Data shown:
- - - - - - -

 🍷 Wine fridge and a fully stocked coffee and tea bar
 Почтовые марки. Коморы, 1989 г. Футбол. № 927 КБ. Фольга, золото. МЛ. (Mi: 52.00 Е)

- - - - - - -

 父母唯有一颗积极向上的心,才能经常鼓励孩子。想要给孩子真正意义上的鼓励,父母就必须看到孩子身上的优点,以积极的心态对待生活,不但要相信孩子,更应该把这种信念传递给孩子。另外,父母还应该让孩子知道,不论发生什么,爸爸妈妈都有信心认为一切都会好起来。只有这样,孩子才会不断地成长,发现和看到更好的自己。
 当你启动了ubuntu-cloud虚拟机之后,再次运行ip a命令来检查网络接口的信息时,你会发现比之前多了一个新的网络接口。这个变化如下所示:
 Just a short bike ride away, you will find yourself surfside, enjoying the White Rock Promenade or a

- - - - - - -

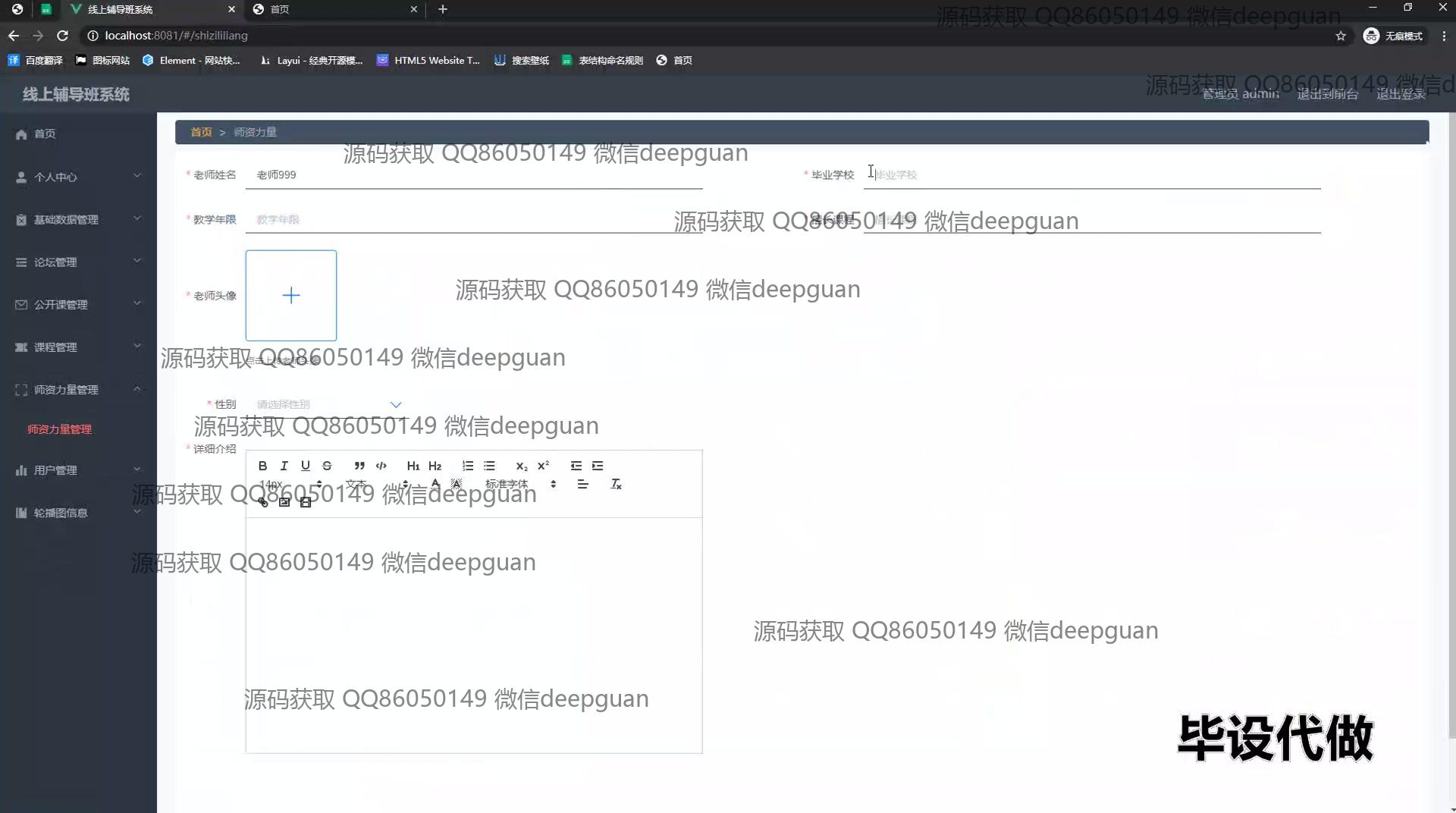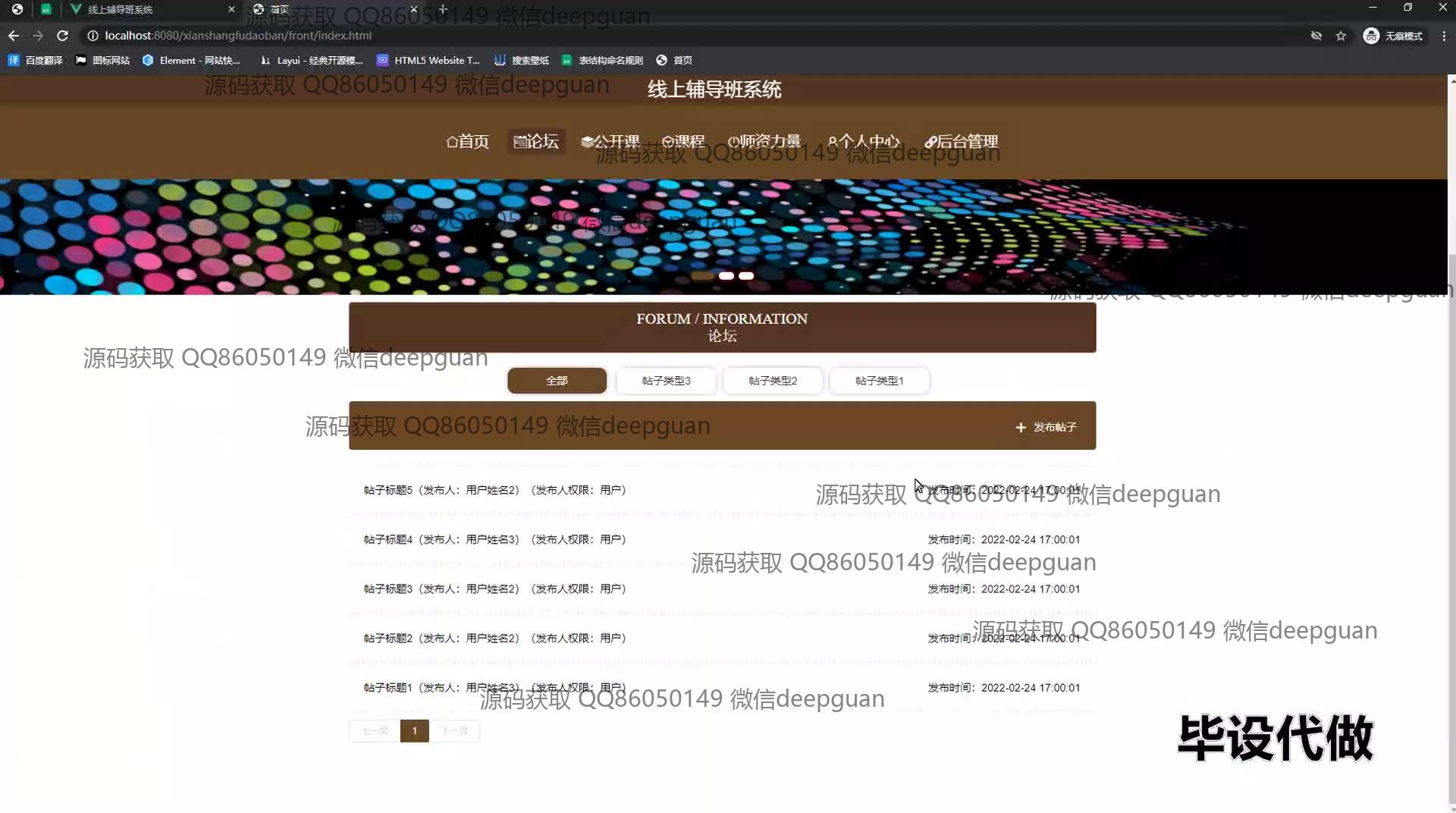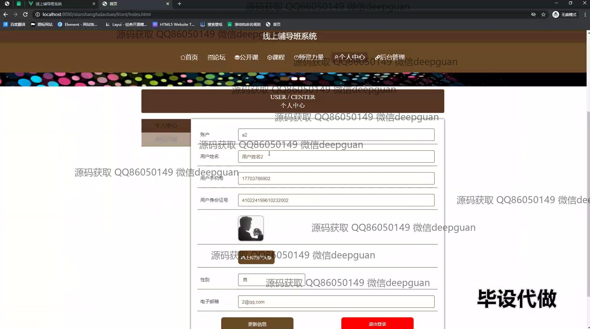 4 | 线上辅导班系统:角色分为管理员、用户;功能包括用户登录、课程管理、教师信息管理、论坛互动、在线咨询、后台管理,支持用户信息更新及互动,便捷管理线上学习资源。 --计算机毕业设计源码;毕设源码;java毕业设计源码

- - - - - - -

Exercise instructions:
Among the lines above, repeat exactly those from the line with "and tea bar" to the line with "Почтовые марки. Коморы, 1989", counting both ends.

Answer area:
 🍷 Wine fridge and a fully stocked coffee and tea bar
 Почтовые марки. Коморы, 1989 г. Футбол. № 927 КБ. Фольга, золото. МЛ. (Mi: 52.00 Е)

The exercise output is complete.